───── PROVIDED MATERIAL ─────
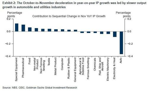Incorporating October-November activity data, Goldman’s GDP tracking model based on the production approach points to a small downside risk to our Q4 real GDP growth forecast of 4.5% yoy.
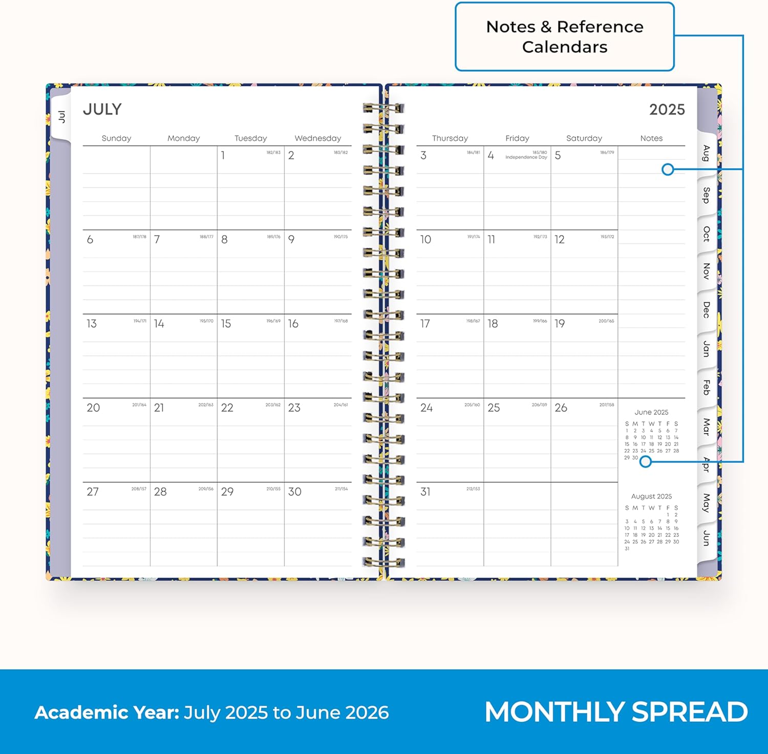 - [STAY ORGANIZED ALL YEAR] July 2025 - June 2026 day planner with 12 months of monthly and weekly pages for easy academic planning and scheduling; 2 additional monthly pages (May 2025 - June 2025) are included
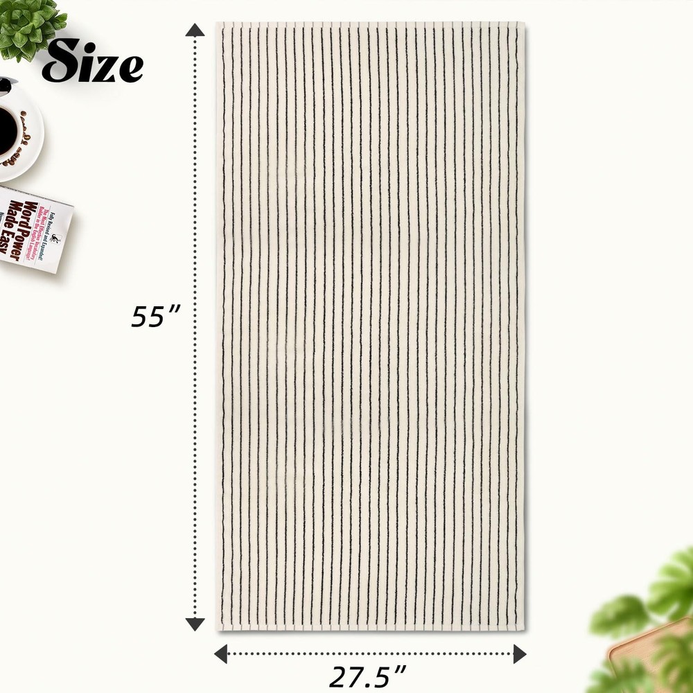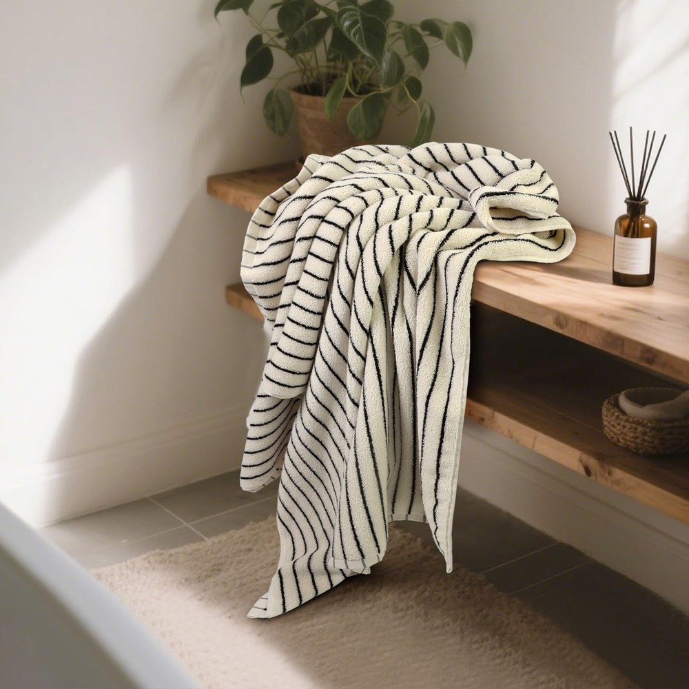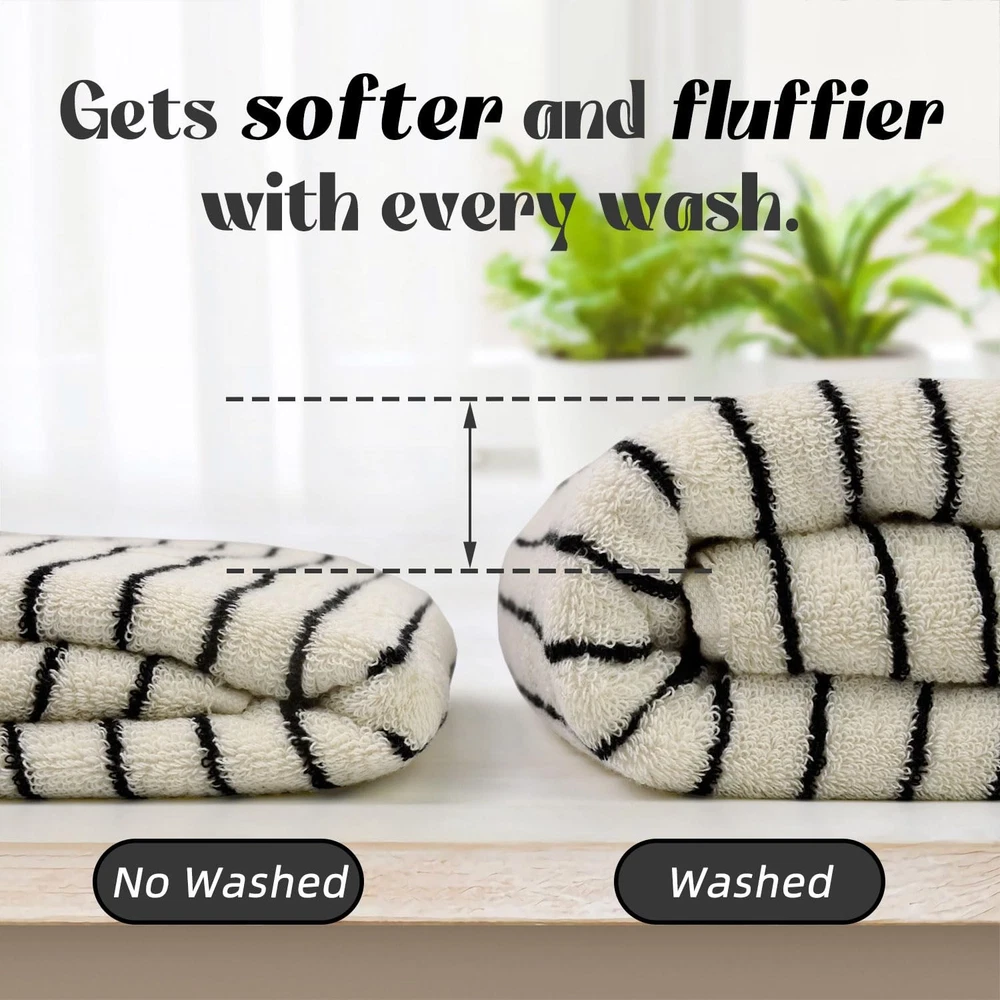 Soften Your Mornings & Evenings Cotton bath towels offer a luxurious softness that feels incredible against your skin while providing exceptional absorbency. Whether you're wrapping up after a hot shower or packing for a weekend trip, the lightweight texture and quick-dry fabric of cute towels bring comfort and joy you can feel, day after day. Black and Ivory Towels for Bathroom - Classic & Timeless Indulge in a luxury experience with these black towels that combine functionality with fashion. Their cabana stripes not only strike the perfect balance between modern farmhouse and rustic minimalism but also make funny bath towels set of 2 a delightful gift for friends and family. Attention to detail through with hemstitching technique that gives decorative towel set a finished, polished look. One Set, Endless Uses - From Bathroom to Beach Bag Extra large towels 27.5 x 55 inches are ideal for post-shower, poolside lounging, spa treatments, workouts, beach days, or RV travel. A versatile towel set that adapts to every lifestyle. Farmhouse or Modern: Bring timeless charm to your bathroom, guest room, or poolside setup with black and ivory cabana stripe bath towels, suits rustic, minimalist, or farmhouse bathroom styles Large Size: Feel ample coverage with large towels measuring 27.5 x 55 inches, perfect for wrapping up after a refreshing shower or swim. Suitable for men, women, teens, or kids Quick Drying: Designed for convenience, these lightweight bath towels dry faster than bulky ones, making them perfect for busy mornings, outdoor days, or decorative guest towels. Fast dry towels are ready for your next use Super Soft and Absorbent: Made from breathable cotton fabric, bathroom towels offer a plush, spa-like feel, and are highly absorbent that’s gentle on sensitive skin, perfect for daily pampering Versatile Use: Set of 2 black towels for bathroom, shower towels, beach days, pool, workout, dorm, travel, or summer gifts, soft and cute bath towels are your go-to companion for all occasions
─────
◆ EXERCISE DIRECTIONS:
When you write out the data, keep every line exact and drop the pictures.

◆ WRITTEN RESPONSE:
Incorporating October-November activity data, Goldman’s GDP tracking model based on the production approach points to a small downside risk to our Q4 real GDP growth forecast of 4.5% yoy.
 - [STAY ORGANIZED ALL YEAR] July 2025 - June 2026 day planner with 12 months of monthly and weekly pages for easy academic planning and scheduling; 2 additional monthly pages (May 2025 - June 2025) are included
 Soften Your Mornings & Evenings Cotton bath towels offer a luxurious softness that feels incredible against your skin while providing exceptional absorbency. Whether you're wrapping up after a hot shower or packing for a weekend trip, the lightweight texture and quick-dry fabric of cute towels bring comfort and joy you can feel, day after day. Black and Ivory Towels for Bathroom - Classic & Timeless Indulge in a luxury experience with these black towels that combine functionality with fashion. Their cabana stripes not only strike the perfect balance between modern farmhouse and rustic minimalism but also make funny bath towels set of 2 a delightful gift for friends and family. Attention to detail through with hemstitching technique that gives decorative towel set a finished, polished look. One Set, Endless Uses - From Bathroom to Beach Bag Extra large towels 27.5 x 55 inches are ideal for post-shower, poolside lounging, spa treatments, workouts, beach days, or RV travel. A versatile towel set that adapts to every lifestyle. Farmhouse or Modern: Bring timeless charm to your bathroom, guest room, or poolside setup with black and ivory cabana stripe bath towels, suits rustic, minimalist, or farmhouse bathroom styles Large Size: Feel ample coverage with large towels measuring 27.5 x 55 inches, perfect for wrapping up after a refreshing shower or swim. Suitable for men, women, teens, or kids Quick Drying: Designed for convenience, these lightweight bath towels dry faster than bulky ones, making them perfect for busy mornings, outdoor days, or decorative guest towels. Fast dry towels are ready for your next use Super Soft and Absorbent: Made from breathable cotton fabric, bathroom towels offer a plush, spa-like feel, and are highly absorbent that’s gentle on sensitive skin, perfect for daily pampering Versatile Use: Set of 2 black towels for bathroom, shower towels, beach days, pool, workout, dorm, travel, or summer gifts, soft and cute bath towels are your go-to companion for all occasions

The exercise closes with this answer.